As title suggests, the question is to solve for the area of the given convex quadrilateral, with two equal sides, a side length of 2 units and some angles:
I have solved the problem with a synthetic geometric approach involving some angle chasing. However, I believe my solution (which I will post in a comment below since I don't want to clutter the question) is a little messy and not efficient. Are there any better ways to do this? Geometric and/or trigonometric approaches are all welcomed!
EDIT: I have posted my solution below!
Best Answer
This will be my approach to this problem. I shall add a brief explanation as well:
So this is how I go about it:
Please note that I forgot to mark the point of intersection of the two diagonals, therefore I will be referring to it as point $X$ throughout my explanation.
1.) Locate point $A'$ by extending segment $AC$ such that $A'A$=$AC$ and $\angle A'AD$=75. Connect point $D$ and $A$. Notice that $\triangle A'AD$ and $\triangle ABC$ are congruent via the SAS property.

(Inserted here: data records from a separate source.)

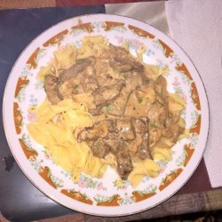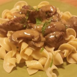 "This is a fairly lean version of beef stroganoff, as most recipes call for more cream. This is something you can easily adjust to your tastes. I like a little thicker version, with just enough sauce to coat the meat and noodles."
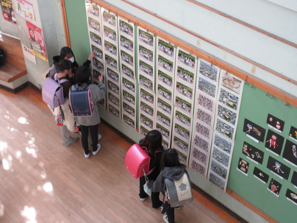 創立150周年記念事業の一つとして撮影した航空写真と集合写真を、一昨日から1階ホールに掲示しています。休み時間や放課後には、写真を熱心に眺める子どもたちの姿が見られます。
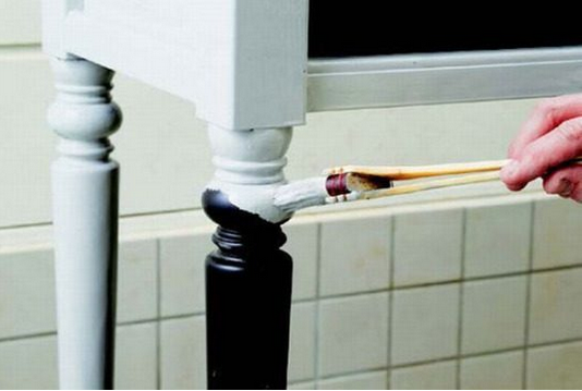 6、最后就是用斜柄刷给家具的侧面和脚上漆,完成这一步就大功告成,一件崭新的家具又出现了。
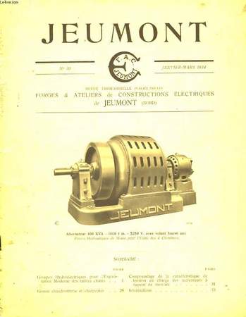 FORGES & ATELIER de CONSTRUCTIONS ELECTRIQUES de JEUMONT. Janvier - Mars 1934. In-4. Broché. Etat d'usage, Couv. convenable, Dos satisfaisant, Intérieur acceptable. 44 pages. Nombreux plans, dessins, schémas et illustrations en noir et blanc, dans le texte et hors-texte. Dos usé.. . . . Classification Dewey : 537-Electricité
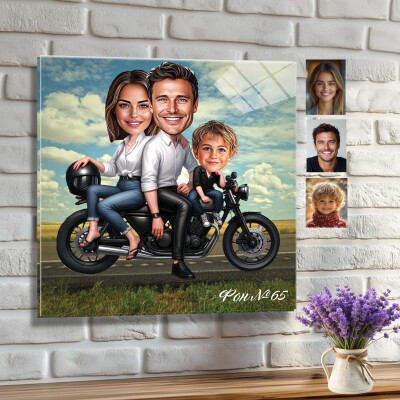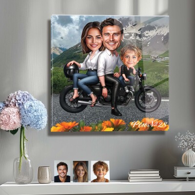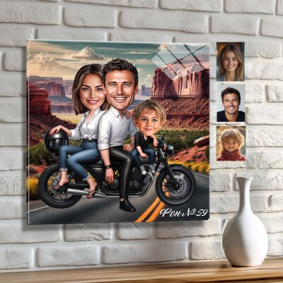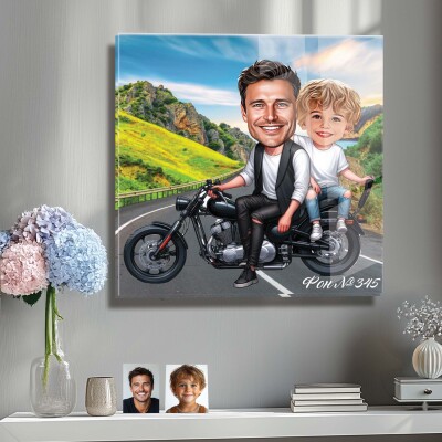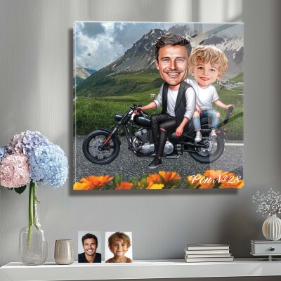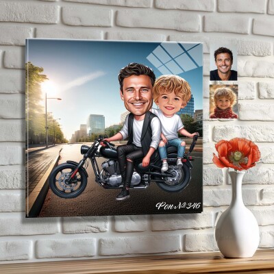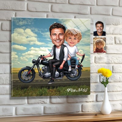 Стъклена карикатура на баща и син - Разходка по мъжки
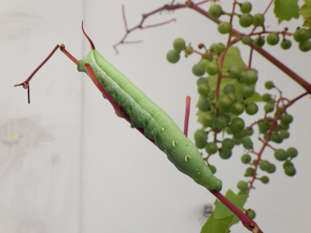 最近は、コスズメの幼虫が柔らかい葉っぱを食べに来ています。

2.) In $\triangle A'DC$, because the base $A'C$ is divided into two equal segments by a median, we can conclude that $\triangle A'AD$ and $\triangle ADC$ have the same area via a well-known lemma (the proof of which is trivial). By extension, via congruency that we proved earlier, we can also conclude that $\triangle ABC$ and $\triangle ADC$ also have the same area. This information will be helpful, as knowing the area of just one triangle will help is reach our desired result.
3.) Locate point $F$ on segment $A'A$ and connect it to point $D$ such that $\angle DFA$=45, $\angle ADF$=60 and note than $\angle DXA$=45. This implies that $\triangle FDX$ is an isosceles right triangle where segment $DF$=$DX$. Note further that $\triangle FAD$ is congruent to $\triangle XBC$ via the ASA property. Hence, we can conclude that segment $FD$=$DX$=$XB$. This proves that point $X$ is the midpoint of segment $BD$.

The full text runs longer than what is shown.